LISTED RECORDS:
----------------------------------------
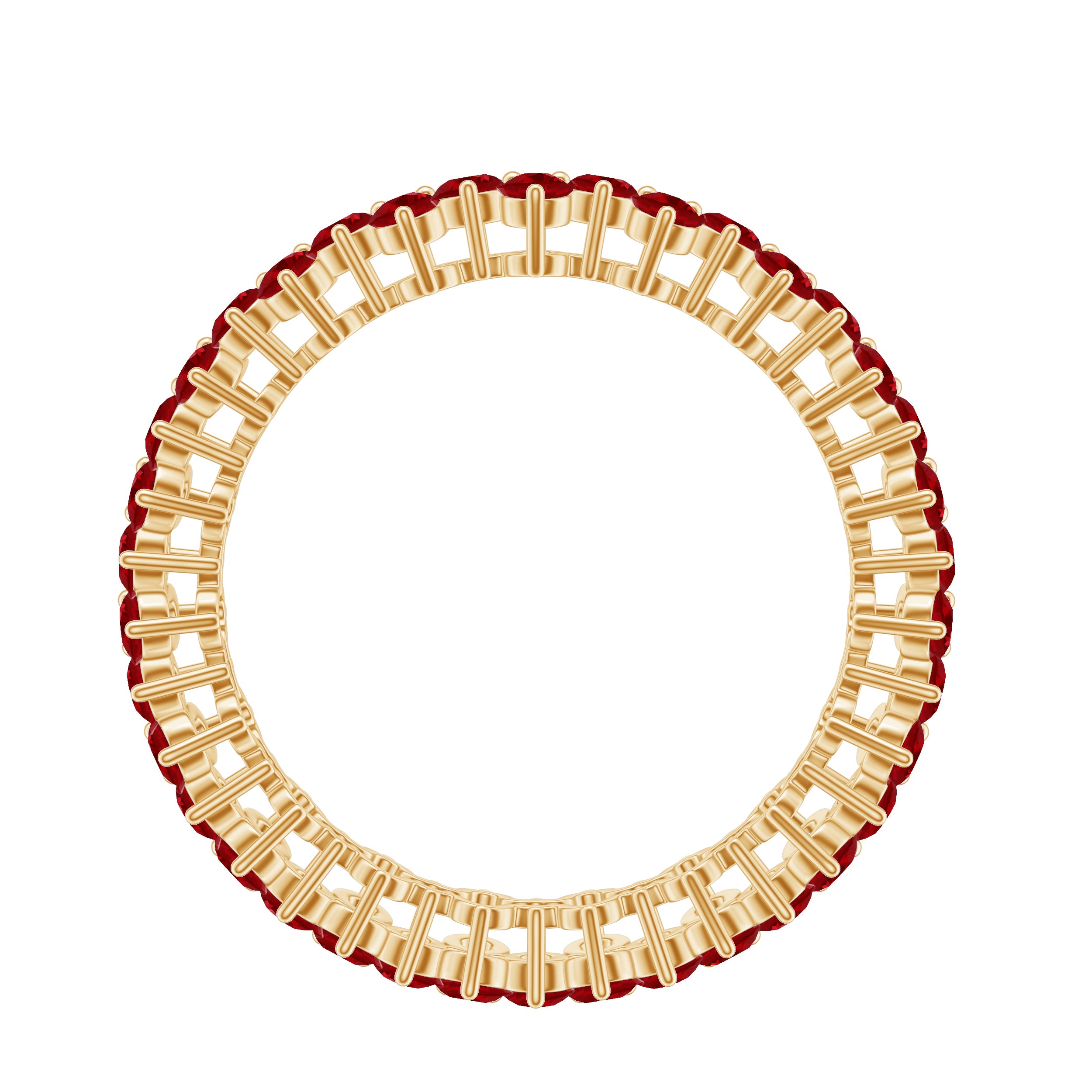 This glittering lab created ruby ring is the perfect accessory to add some sparkle to your life. The round cut created ruby in a prong setting on a full eternity band makes it versatile and perfect to wear with any outfit. Crafted from gold, this full eternity ring is a stunning and memorable gift for yourself.
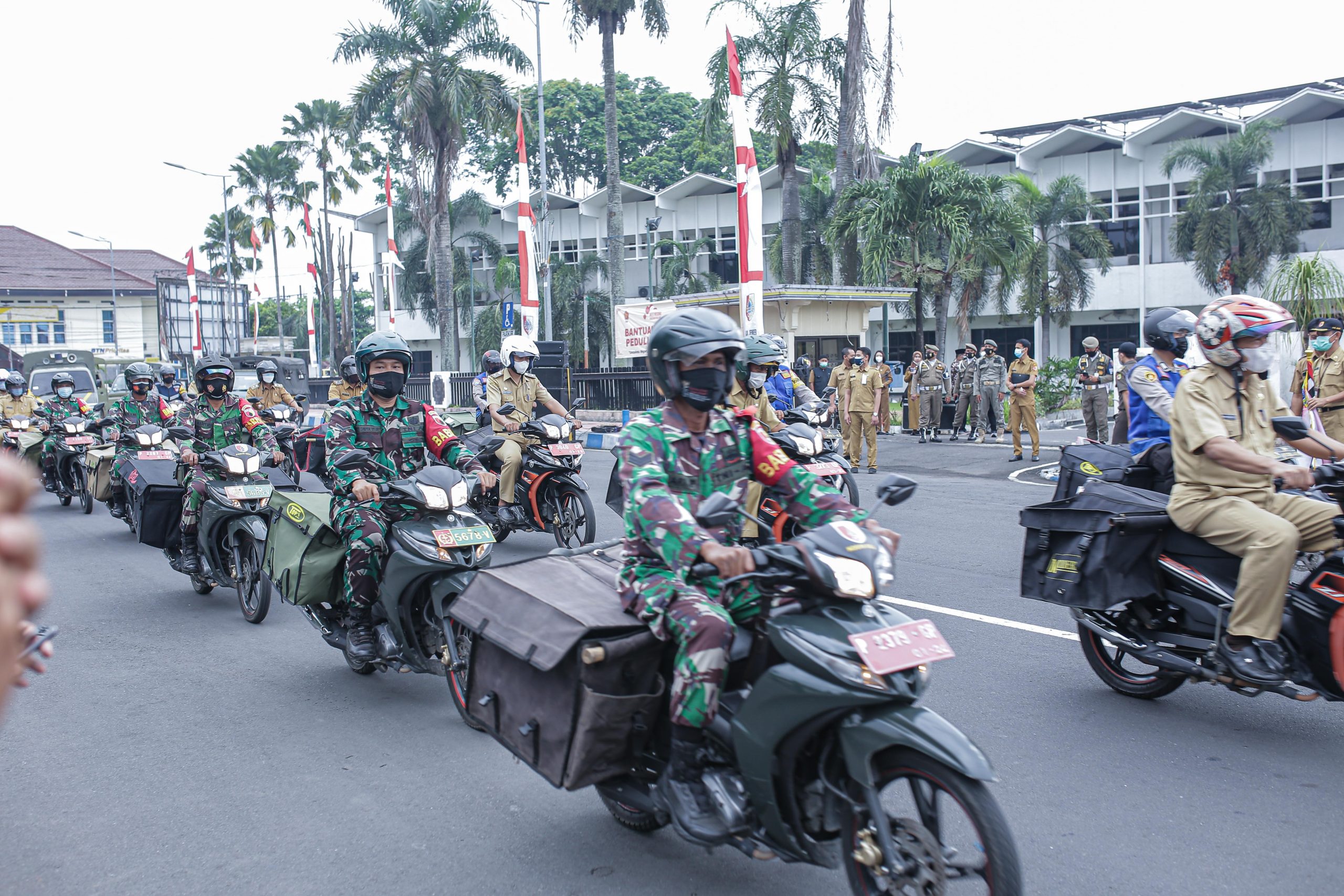 Usai apel, Bupati Hendy melepas pasukan tersebut untuk mendistribusikan bantuan sosial berupa beras kepada warga Kabupaten Jember yang tidak mampu.
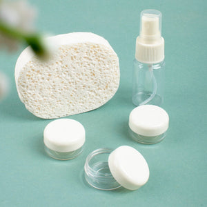 Jetset in style with this Mini Travel Beauty Set. Includes a soft sponge for flawless blending and handy bottles for your favorite products. Keep your beauty routine on point wherever and whenever (beauty emergencies happen, y'know). Perfect for wanderlust beauties on the go!
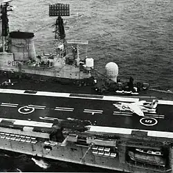 From 4 May through 15 November 1968, VA-46 transitioned to the A-7 Corsair II.[2] On 17 September 1970, while en route to the Caribbean for training exercises on board USS John F. Kennedy, they received emergency orders to deploy immediately to the Mediterranean due to the hijacking of four airliners by members of the Popular Front for the Liberation of Palestine. They remained on station off the coast of Israel until November. During October 1973, with the outbreak of the Yom Kippur War between Israel, Egypt and Syria, John F. Kennedy and her air wing, while operating in the North Atlantic after just completing a Mediterranean deployment, were ordered back to the Mediterranean. During the latter part of October through mid-November, VA-46 conducted flight operations while the carrier was on station south of Crete. On 22 November 1975 during night operations, John F. Kennedy collided with USS Belknap, causing major damage to the cruiser. Eight VA-46 personnel received awards for their heroism and devotion to duty as a result of their actions following the collision.[2]
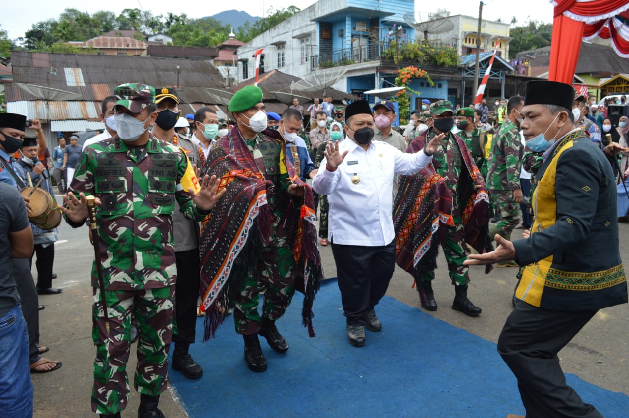 Dansatgas mendampingi Bupati Tapsel Dolly Putra Parlindungan Pasaribu menyambut kedatangan dua Jenderal TNI AD ke lokasi TMMD Kodim Tapsel.
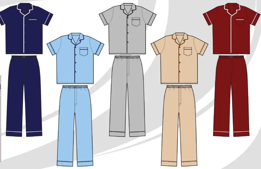 Men's Short Sleeve , Long Leg Solid Color Pajama Set. Button down top with front pocket. Elastic waist bottom. Soft breathable fabric-machine washable. Bulk Value Pack
----------------------------------------
TASK GOAL: Restate only the lines running from the start of the material above through the line containing "Jetset in style", ends included. No pictures.

REPLY TO THE TASK:
 This glittering lab created ruby ring is the perfect accessory to add some sparkle to your life. The round cut created ruby in a prong setting on a full eternity band makes it versatile and perfect to wear with any outfit. Crafted from gold, this full eternity ring is a stunning and memorable gift for yourself.
 Usai apel, Bupati Hendy melepas pasukan tersebut untuk mendistribusikan bantuan sosial berupa beras kepada warga Kabupaten Jember yang tidak mampu.
 Jetset in style with this Mini Travel Beauty Set. Includes a soft sponge for flawless blending and handy bottles for your favorite products. Keep your beauty routine on point wherever and whenever (beauty emergencies happen, y'know). Perfect for wanderlust beauties on the go!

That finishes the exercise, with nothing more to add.